**What needs to be done:** Where the records below begin, start copying, and stop after the line that contains "2567 ณ หอประชุมศาลากลางจังหวัดมหาสารคาม"; reproduce every line exactly but omit pictures.
----- Data for review
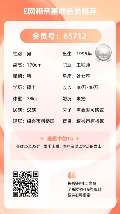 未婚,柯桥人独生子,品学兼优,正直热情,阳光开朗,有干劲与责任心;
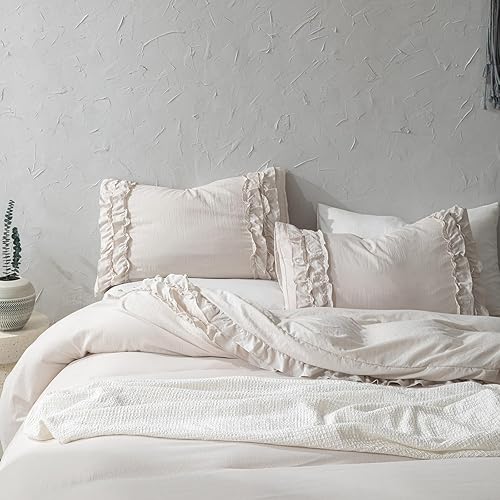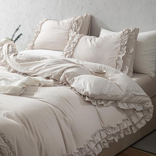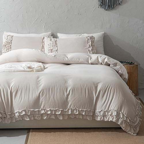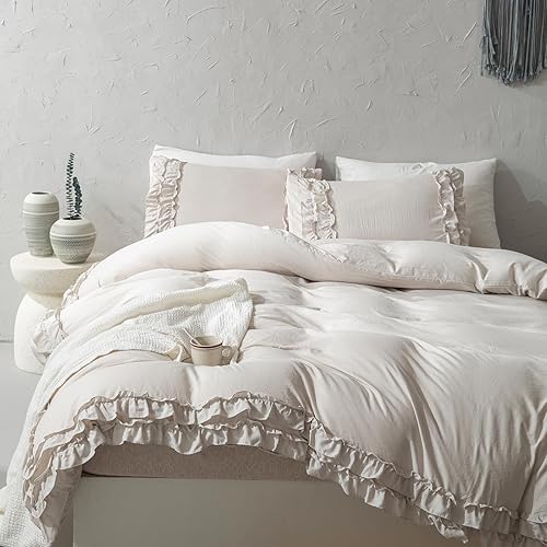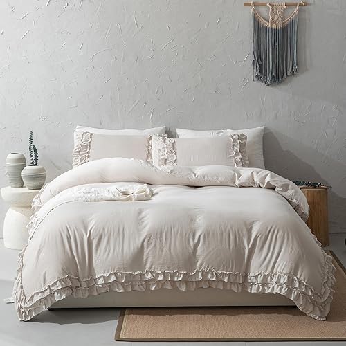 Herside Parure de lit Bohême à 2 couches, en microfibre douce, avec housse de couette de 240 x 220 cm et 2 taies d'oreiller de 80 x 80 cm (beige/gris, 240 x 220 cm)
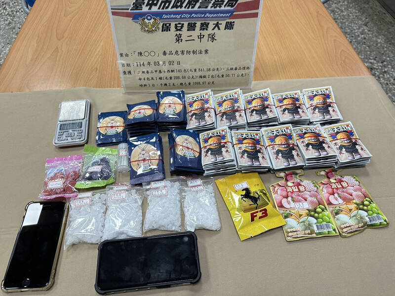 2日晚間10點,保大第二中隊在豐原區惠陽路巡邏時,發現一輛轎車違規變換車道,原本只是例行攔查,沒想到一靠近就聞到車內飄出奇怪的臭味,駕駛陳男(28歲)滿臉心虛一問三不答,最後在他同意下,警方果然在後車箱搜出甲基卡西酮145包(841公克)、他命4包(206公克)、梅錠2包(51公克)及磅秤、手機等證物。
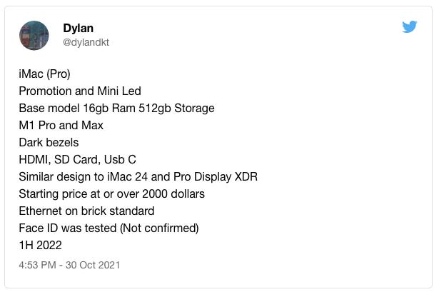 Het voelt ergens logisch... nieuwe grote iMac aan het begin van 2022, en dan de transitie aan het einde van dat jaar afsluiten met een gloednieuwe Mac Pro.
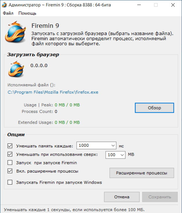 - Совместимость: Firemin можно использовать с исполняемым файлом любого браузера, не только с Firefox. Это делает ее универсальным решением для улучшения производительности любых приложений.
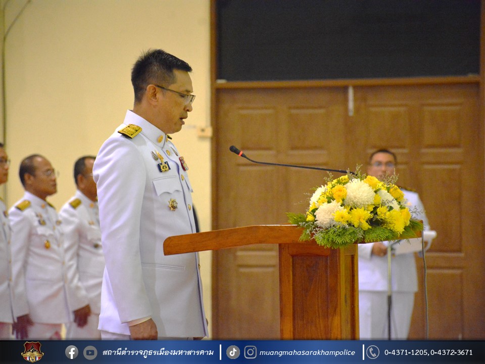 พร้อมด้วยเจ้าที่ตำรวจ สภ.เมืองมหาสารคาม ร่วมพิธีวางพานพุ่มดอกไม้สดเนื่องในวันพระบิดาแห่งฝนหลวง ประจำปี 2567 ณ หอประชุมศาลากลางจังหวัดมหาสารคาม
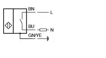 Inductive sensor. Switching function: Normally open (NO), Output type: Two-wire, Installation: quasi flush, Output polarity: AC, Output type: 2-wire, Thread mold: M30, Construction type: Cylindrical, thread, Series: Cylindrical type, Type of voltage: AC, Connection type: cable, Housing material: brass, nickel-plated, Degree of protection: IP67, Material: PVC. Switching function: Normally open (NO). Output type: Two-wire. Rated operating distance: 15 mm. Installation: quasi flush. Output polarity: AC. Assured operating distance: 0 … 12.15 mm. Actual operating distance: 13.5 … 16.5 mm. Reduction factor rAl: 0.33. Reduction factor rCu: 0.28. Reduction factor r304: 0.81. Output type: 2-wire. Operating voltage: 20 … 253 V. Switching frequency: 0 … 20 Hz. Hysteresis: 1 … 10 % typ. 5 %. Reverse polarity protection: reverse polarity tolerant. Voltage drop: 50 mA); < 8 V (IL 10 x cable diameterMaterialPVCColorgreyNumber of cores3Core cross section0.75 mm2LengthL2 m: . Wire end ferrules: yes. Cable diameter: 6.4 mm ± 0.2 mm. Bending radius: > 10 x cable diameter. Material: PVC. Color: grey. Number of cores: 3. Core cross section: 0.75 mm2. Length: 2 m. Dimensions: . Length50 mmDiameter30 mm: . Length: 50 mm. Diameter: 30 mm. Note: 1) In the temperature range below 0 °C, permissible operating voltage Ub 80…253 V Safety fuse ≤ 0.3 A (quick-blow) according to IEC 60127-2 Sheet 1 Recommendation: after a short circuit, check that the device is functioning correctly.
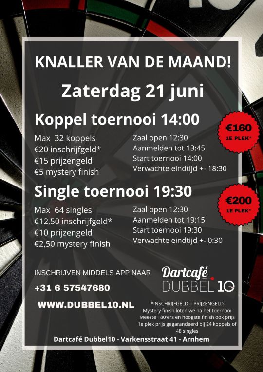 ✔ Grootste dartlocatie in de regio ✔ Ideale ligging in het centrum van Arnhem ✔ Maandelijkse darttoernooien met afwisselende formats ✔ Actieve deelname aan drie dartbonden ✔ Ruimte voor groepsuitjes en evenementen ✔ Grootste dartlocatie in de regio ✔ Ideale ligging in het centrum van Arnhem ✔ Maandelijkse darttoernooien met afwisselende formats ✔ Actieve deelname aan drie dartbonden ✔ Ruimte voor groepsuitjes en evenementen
----------
**Problem solution:**
 未婚,柯桥人独生子,品学兼优,正直热情,阳光开朗,有干劲与责任心;
 Herside Parure de lit Bohême à 2 couches, en microfibre douce, avec housse de couette de 240 x 220 cm et 2 taies d'oreiller de 80 x 80 cm (beige/gris, 240 x 220 cm)
 2日晚間10點,保大第二中隊在豐原區惠陽路巡邏時,發現一輛轎車違規變換車道,原本只是例行攔查,沒想到一靠近就聞到車內飄出奇怪的臭味,駕駛陳男(28歲)滿臉心虛一問三不答,最後在他同意下,警方果然在後車箱搜出甲基卡西酮145包(841公克)、他命4包(206公克)、梅錠2包(51公克)及磅秤、手機等證物。
 Het voelt ergens logisch... nieuwe grote iMac aan het begin van 2022, en dan de transitie aan het einde van dat jaar afsluiten met een gloednieuwe Mac Pro.
 - Совместимость: Firemin можно использовать с исполняемым файлом любого браузера, не только с Firefox. Это делает ее универсальным решением для улучшения производительности любых приложений.
 พร้อมด้วยเจ้าที่ตำรวจ สภ.เมืองมหาสารคาม ร่วมพิธีวางพานพุ่มดอกไม้สดเนื่องในวันพระบิดาแห่งฝนหลวง ประจำปี 2567 ณ หอประชุมศาลากลางจังหวัดมหาสารคาม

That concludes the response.